Check the directory entry size

When experimenting with crail.directoryrecord or crail.directorydepth parameters, the error when the file name or depth exceeded these limits are cryptic. See below. It would be nice to check if it is the case and then print a more sensible error, for example "limit for these params are exceeded", etc. ;)

For the rest of the system it seems like a particular file just vanished underneath the crail file system.

 17/09/21 13:44:48 2501 main WARN Client: Neither spark.yarn.jars nor spark.yarn.archive is set, falling back to uploading libraries under SPARK_HOME.
17/09/21 13:45:17 30985 main ERROR FileFormatWriter: Aborting job null.         
 java.io.FileNotFoundException: /sql/data1.pq/_temporary/0/task_20170921134508_0001_m_000021
	at com.ibm.crail.hdfs.CrailHadoopFileSystem.listStatus(CrailHadoopFileSystem.java:199)
	at org.apache.hadoop.mapreduce.lib.output.FileOutputCommitter.mergePaths(FileOutputCommitter.java:426)
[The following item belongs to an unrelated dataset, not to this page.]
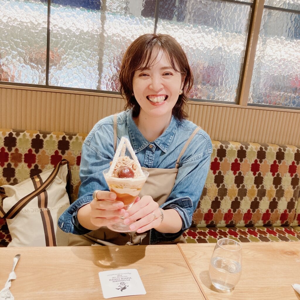なっちんはパフェを、私はシャインマスカットのケーキを食べました。

	at org.apache.hadoop.mapreduce.lib.output.FileOutputCommitter.commitJobInternal(FileOutputCommitter.java:362)
	at org.apache.hadoop.mapreduce.lib.output.FileOutputCommitter.commitJob(FileOutputCommitter.java:334)
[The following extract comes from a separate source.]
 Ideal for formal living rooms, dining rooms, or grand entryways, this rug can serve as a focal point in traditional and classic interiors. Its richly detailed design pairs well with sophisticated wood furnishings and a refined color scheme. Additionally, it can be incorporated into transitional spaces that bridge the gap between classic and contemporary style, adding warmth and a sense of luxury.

	at org.apache.parquet.hadoop.ParquetOutputCommitter.commitJob(ParquetOutputCommitter.java:47)
	at org.apache.spark.internal.io.HadoopMapReduceCommitProtocol.commitJob(HadoopMapReduceCommitProtocol.scala:128)
	at org.apache.spark.sql.execution.datasources.FileFormatWriter$$anonfun$write$1.apply$mcV$sp(FileFormatWriter.scala:209)
	at org.apache.spark.sql.execution.datasources.FileFormatWriter$$anonfun$write$1.apply(FileFormatWriter.scala:173)
	at org.apache.spark.sql.execution.datasources.FileFormatWriter$$anonfun$write$1.apply(FileFormatWriter.scala:173)
	at org.apache.spark.sql.execution.SQLExecution$.withNewExecutionId(SQLExecution.scala:65)
	at org.apache.spark.sql.execution.datasources.FileFormatWriter$.write(FileFormatWriter.scala:173)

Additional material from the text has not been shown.